Output only the lines of the entries that follow, starting at the one with "不銹鋼花池坐凳美化深圳前海跨街公園G9天橋..." and running down to the one with "Infuse your mornings", both included and unchanged.

──────── Recorded information

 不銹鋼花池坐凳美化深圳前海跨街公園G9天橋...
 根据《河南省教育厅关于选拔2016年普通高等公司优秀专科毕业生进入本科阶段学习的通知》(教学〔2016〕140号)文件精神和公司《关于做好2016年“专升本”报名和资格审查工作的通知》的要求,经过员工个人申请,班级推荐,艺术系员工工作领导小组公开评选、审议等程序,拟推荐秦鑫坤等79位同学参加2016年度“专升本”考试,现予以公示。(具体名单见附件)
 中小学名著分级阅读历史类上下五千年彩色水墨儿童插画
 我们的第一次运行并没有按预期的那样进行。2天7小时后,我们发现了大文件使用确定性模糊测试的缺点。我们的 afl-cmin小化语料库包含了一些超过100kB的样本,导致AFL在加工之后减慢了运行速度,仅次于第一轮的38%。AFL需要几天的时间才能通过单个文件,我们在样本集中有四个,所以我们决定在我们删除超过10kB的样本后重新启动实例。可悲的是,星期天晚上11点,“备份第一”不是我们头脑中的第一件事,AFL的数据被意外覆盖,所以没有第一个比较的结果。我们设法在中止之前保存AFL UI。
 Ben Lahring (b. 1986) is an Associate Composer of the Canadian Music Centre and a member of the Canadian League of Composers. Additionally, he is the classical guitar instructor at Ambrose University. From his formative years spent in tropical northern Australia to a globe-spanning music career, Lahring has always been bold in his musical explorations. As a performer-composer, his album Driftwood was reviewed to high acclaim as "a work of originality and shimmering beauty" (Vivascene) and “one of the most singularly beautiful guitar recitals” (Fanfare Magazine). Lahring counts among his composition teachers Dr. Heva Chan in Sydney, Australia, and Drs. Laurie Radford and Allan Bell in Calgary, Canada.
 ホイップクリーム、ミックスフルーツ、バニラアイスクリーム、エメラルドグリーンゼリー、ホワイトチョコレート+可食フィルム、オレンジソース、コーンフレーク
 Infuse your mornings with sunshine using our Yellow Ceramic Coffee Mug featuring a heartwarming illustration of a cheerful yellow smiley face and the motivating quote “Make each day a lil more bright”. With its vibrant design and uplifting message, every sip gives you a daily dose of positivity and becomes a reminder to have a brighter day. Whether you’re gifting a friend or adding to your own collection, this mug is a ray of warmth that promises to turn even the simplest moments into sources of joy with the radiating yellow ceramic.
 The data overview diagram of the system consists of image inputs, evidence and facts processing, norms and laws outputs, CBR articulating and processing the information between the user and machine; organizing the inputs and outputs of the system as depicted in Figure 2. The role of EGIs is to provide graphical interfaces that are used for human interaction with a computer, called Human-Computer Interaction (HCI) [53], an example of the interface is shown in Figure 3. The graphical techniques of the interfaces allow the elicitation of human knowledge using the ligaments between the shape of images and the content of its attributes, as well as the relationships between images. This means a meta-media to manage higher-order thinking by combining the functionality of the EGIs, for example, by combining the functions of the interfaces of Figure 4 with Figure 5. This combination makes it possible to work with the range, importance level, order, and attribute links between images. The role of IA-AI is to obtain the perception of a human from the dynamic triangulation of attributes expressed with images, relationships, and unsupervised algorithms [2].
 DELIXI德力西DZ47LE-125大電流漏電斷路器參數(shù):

────────────────
──────── Recorded information

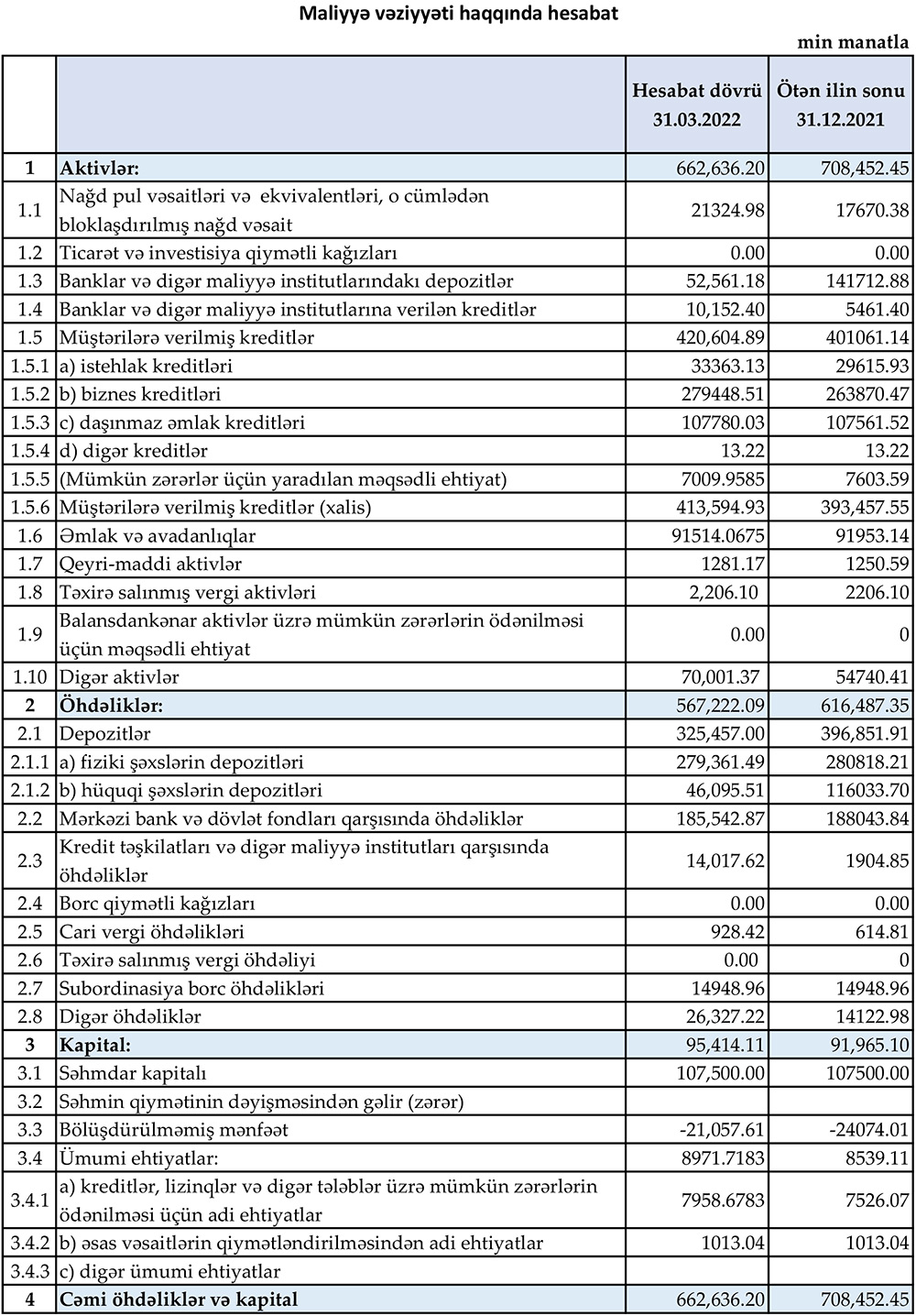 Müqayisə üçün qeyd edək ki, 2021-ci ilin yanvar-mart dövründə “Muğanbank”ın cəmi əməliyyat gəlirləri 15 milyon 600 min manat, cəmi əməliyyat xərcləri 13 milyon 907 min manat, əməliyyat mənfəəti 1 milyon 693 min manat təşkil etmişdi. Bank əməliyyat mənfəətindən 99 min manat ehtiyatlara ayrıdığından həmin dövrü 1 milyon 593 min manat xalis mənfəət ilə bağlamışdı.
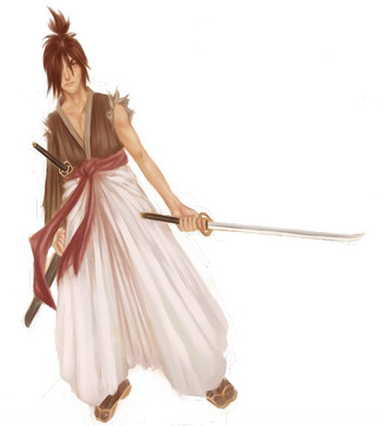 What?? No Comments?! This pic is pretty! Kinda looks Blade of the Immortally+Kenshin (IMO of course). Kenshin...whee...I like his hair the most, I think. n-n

────────────────

Solved exercise:
 不銹鋼花池坐凳美化深圳前海跨街公園G9天橋...
 根据《河南省教育厅关于选拔2016年普通高等公司优秀专科毕业生进入本科阶段学习的通知》(教学〔2016〕140号)文件精神和公司《关于做好2016年“专升本”报名和资格审查工作的通知》的要求,经过员工个人申请,班级推荐,艺术系员工工作领导小组公开评选、审议等程序,拟推荐秦鑫坤等79位同学参加2016年度“专升本”考试,现予以公示。(具体名单见附件)
 中小学名著分级阅读历史类上下五千年彩色水墨儿童插画
 我们的第一次运行并没有按预期的那样进行。2天7小时后,我们发现了大文件使用确定性模糊测试的缺点。我们的 afl-cmin小化语料库包含了一些超过100kB的样本,导致AFL在加工之后减慢了运行速度,仅次于第一轮的38%。AFL需要几天的时间才能通过单个文件,我们在样本集中有四个,所以我们决定在我们删除超过10kB的样本后重新启动实例。可悲的是,星期天晚上11点,“备份第一”不是我们头脑中的第一件事,AFL的数据被意外覆盖,所以没有第一个比较的结果。我们设法在中止之前保存AFL UI。
 Ben Lahring (b. 1986) is an Associate Composer of the Canadian Music Centre and a member of the Canadian League of Composers. Additionally, he is the classical guitar instructor at Ambrose University. From his formative years spent in tropical northern Australia to a globe-spanning music career, Lahring has always been bold in his musical explorations. As a performer-composer, his album Driftwood was reviewed to high acclaim as "a work of originality and shimmering beauty" (Vivascene) and “one of the most singularly beautiful guitar recitals” (Fanfare Magazine). Lahring counts among his composition teachers Dr. Heva Chan in Sydney, Australia, and Drs. Laurie Radford and Allan Bell in Calgary, Canada.
 ホイップクリーム、ミックスフルーツ、バニラアイスクリーム、エメラルドグリーンゼリー、ホワイトチョコレート+可食フィルム、オレンジソース、コーンフレーク
 Infuse your mornings with sunshine using our Yellow Ceramic Coffee Mug featuring a heartwarming illustration of a cheerful yellow smiley face and the motivating quote “Make each day a lil more bright”. With its vibrant design and uplifting message, every sip gives you a daily dose of positivity and becomes a reminder to have a brighter day. Whether you’re gifting a friend or adding to your own collection, this mug is a ray of warmth that promises to turn even the simplest moments into sources of joy with the radiating yellow ceramic.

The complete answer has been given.